From top to bottom, return the listing exactly as it appears, omitting its images.

• **SUPPLIED MATERIAL**:
++++++++++++++++++++
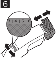 - Per rifinire in modo più efficace, muovere l'apparecchio contro la direzione di crescita dei capelli. Assicurarsi che la superficie del pettine rimanga sempre a contatto con la pelle.
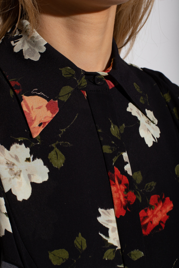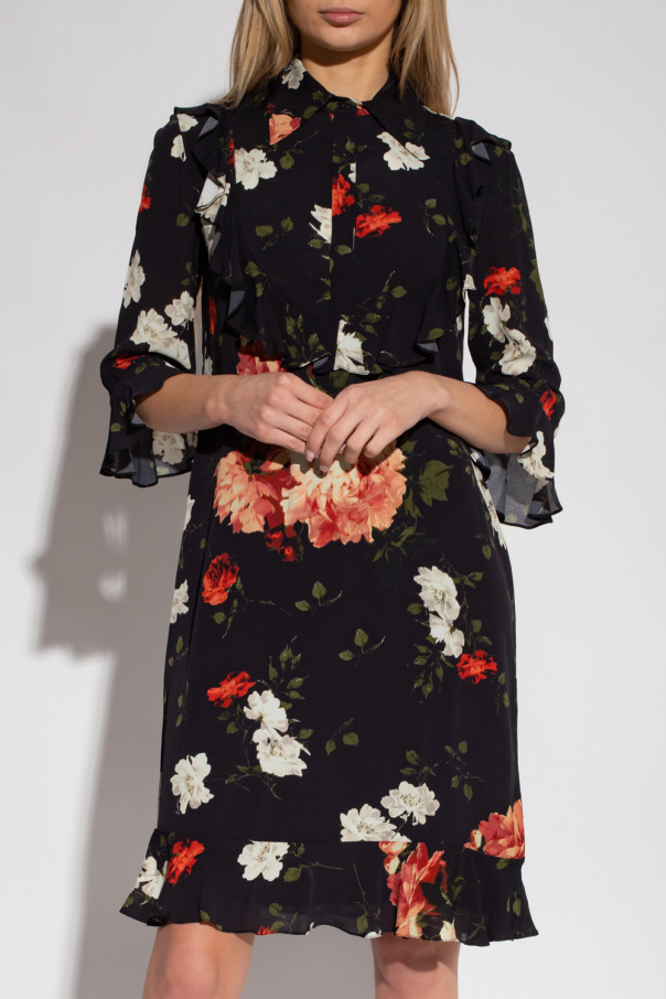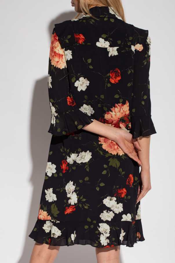 Black ‘Bell’ loose-fitting dress from Erdem. Fastened with buttons, this garment features 3/4 length sleeves, a Sitwell Bloom motif depicting roses and peonies as well as ruffles at the neck, cuffs and hem.
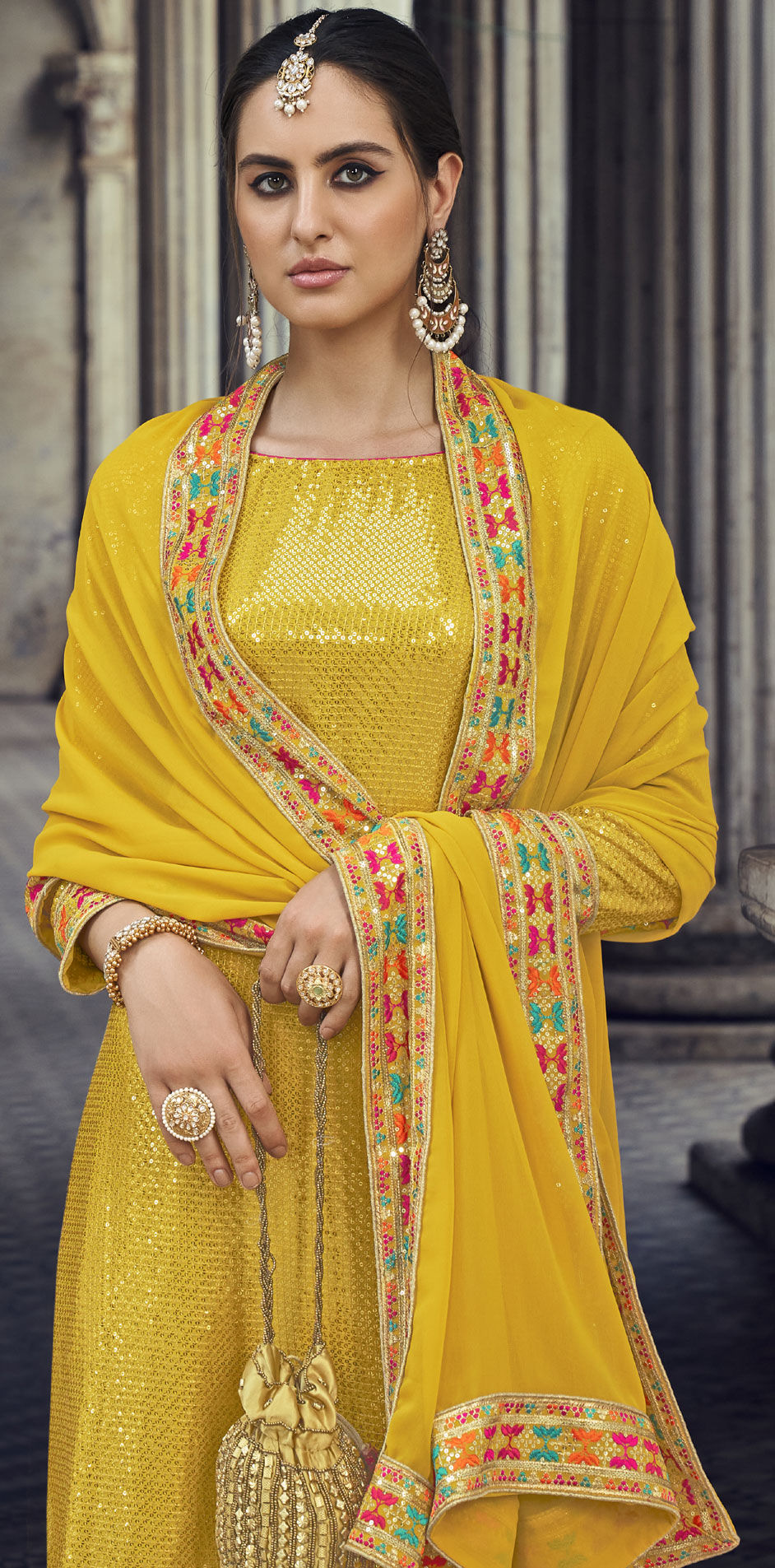 Yellow color Salwar Kameez in Cotton fabric with Embroidered, Sequence work
++++++++++++++++++++
• **FINISHED TASK**:
 - Per rifinire in modo più efficace, muovere l'apparecchio contro la direzione di crescita dei capelli. Assicurarsi che la superficie del pettine rimanga sempre a contatto con la pelle.
 Black ‘Bell’ loose-fitting dress from Erdem. Fastened with buttons, this garment features 3/4 length sleeves, a Sitwell Bloom motif depicting roses and peonies as well as ruffles at the neck, cuffs and hem.
 Yellow color Salwar Kameez in Cotton fabric with Embroidered, Sequence work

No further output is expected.